A useful pattern: a "prompt review" process similar to code review, with the right reviewers for each domain. Voice changes get content's review. Logic changes get engineering's review. Domain-specific content gets the expert's review.
For sensitive use cases (legal, medical, financial), prompts may need formal review and sign-off. Build the process accordingly.
A 90-day prompt maturity plan
For teams moving from "prompts are strings in code" to "prompts are managed infrastructure":
Days 1-30: Foundation.
- Extract all prompts to dedicated files in source control.
- Establish the 3-layer pattern (system / developer / user).
- Build a simple templating layer.
- Set up basic logging of prompts and responses.
Days 31-60: Evaluation.
- Build eval suites for the top 5 prompts.
- Run evals on prompt changes (manually first).
- Set up CI integration for evals (auto-run on PRs).
Days 61-90: Operations.
- Implement prompt versioning (database or service).
- Add A/B test capability for at least one critical prompt.
- Build dashboards for production prompt quality.
- Establish review process for prompt changes.
After 90 days, prompts are managed infrastructure. Changes are deliberate, testable, reviewable, rollback-able. Quality is measurable. Drift is detectable.
The takeaway
Production prompts aren't strings. They're a layered system with discipline around versioning, templating, evaluation, and observability.

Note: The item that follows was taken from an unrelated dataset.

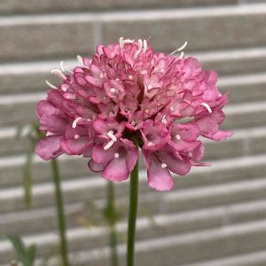 スカビオサ松虫草 サーモンピンク やっと目覚めたピンクちゃん タグはサーモンピンクなんだけど 素敵なピンクだけどサーモンとは違うような😊 時差で咲き出す我が家のスカビオサ のこるはホワイトメイデンのみ スッキやねん🤭
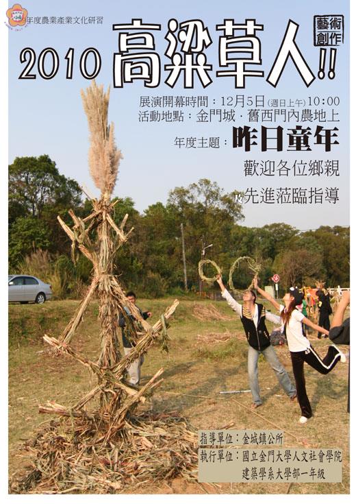 為推廣99年度農業產業文化研習活動,金城鎮公所將於明(五)日假金門城舊西門舉辦「2010高粱草人成果展示」活動,並以昨日童年為主題,將有放風箏、擊劍、套圈圈、老鷹抓小雞、釣魚、傳聲筒、打陀螺及捉蝴蝶等八項作品參展比賽,作品各組學生於現場進行展演及說明,藉此展現金門特有的高粱文化,達到良好的空間教學及社區參與目標。 這項由金城鎮公所指導,國立金門大學建築學系所執行的「2010高粱草人」活動,即將於明(五)日上午十時在金門城舊西門城內的農地舉行高粱草人成果展示活動,將有各組學生的現場展演及說明,屆時歡迎社區鄉親前往共襄盛舉,體驗金門農村產業生態的特色。 鎮公所指出,國立金門大學建築學系以「高粱草人製作比賽」參與金城鎮公所高粱文化節活動,今年已經是第四屆,除了使各地學生親身參與體會金門的農村產業生態特色,也活潑多元地展現金門特有的高粱文化,達到良好的空間教學及社區參與目標。 高粱草人成果展主題為『昨日童年』,執行計畫的特色是與建築設計課程相互結合,由國立金門大學建築學系江柏煒、林美吟、袁興言、陳書毅、李秀秀、孫靜梅、陳炳宏、陳啟明八位老師共同指導兩班將近120位的大一同學,從11月中旬開始,以三週時間完成由設計構想、說明草模、材料收集至現場製作的教學過程。 這項活動共完成放風箏、擊劍、套圈圈、老鷹抓小雞、釣魚、傳聲筒、打陀螺及捉蝴蝶等八項作品,達成了三項教學目標,包括藉由群體遊戲形態的分析。理解空間與活動原理與構成表現,以鄉土材料的觀察及應用,加上設計轉化手法激發創意。貼近社區空間,感受及回應建築設計對於真實社會的介入。

The three-layer architecture (system / developer / user) separates concerns and keeps prompts maintainable. Templating prevents fragility. Source control or a prompt service provides version history. Evals gate changes. Observability catches what evals miss.
This isn't optional in serious production work. Teams that skip these steps end up with prompt chaos — strings scattered through code, no idea what version is in production, no measurement of quality, and constant unexplained behavioral changes.
Teams that invest in prompt infrastructure end up with AI behavior that's controllable, measurable, and improvable. That's the difference between a feature that ages well and one that becomes technical debt.
Start with the architecture. Everything else gets easier.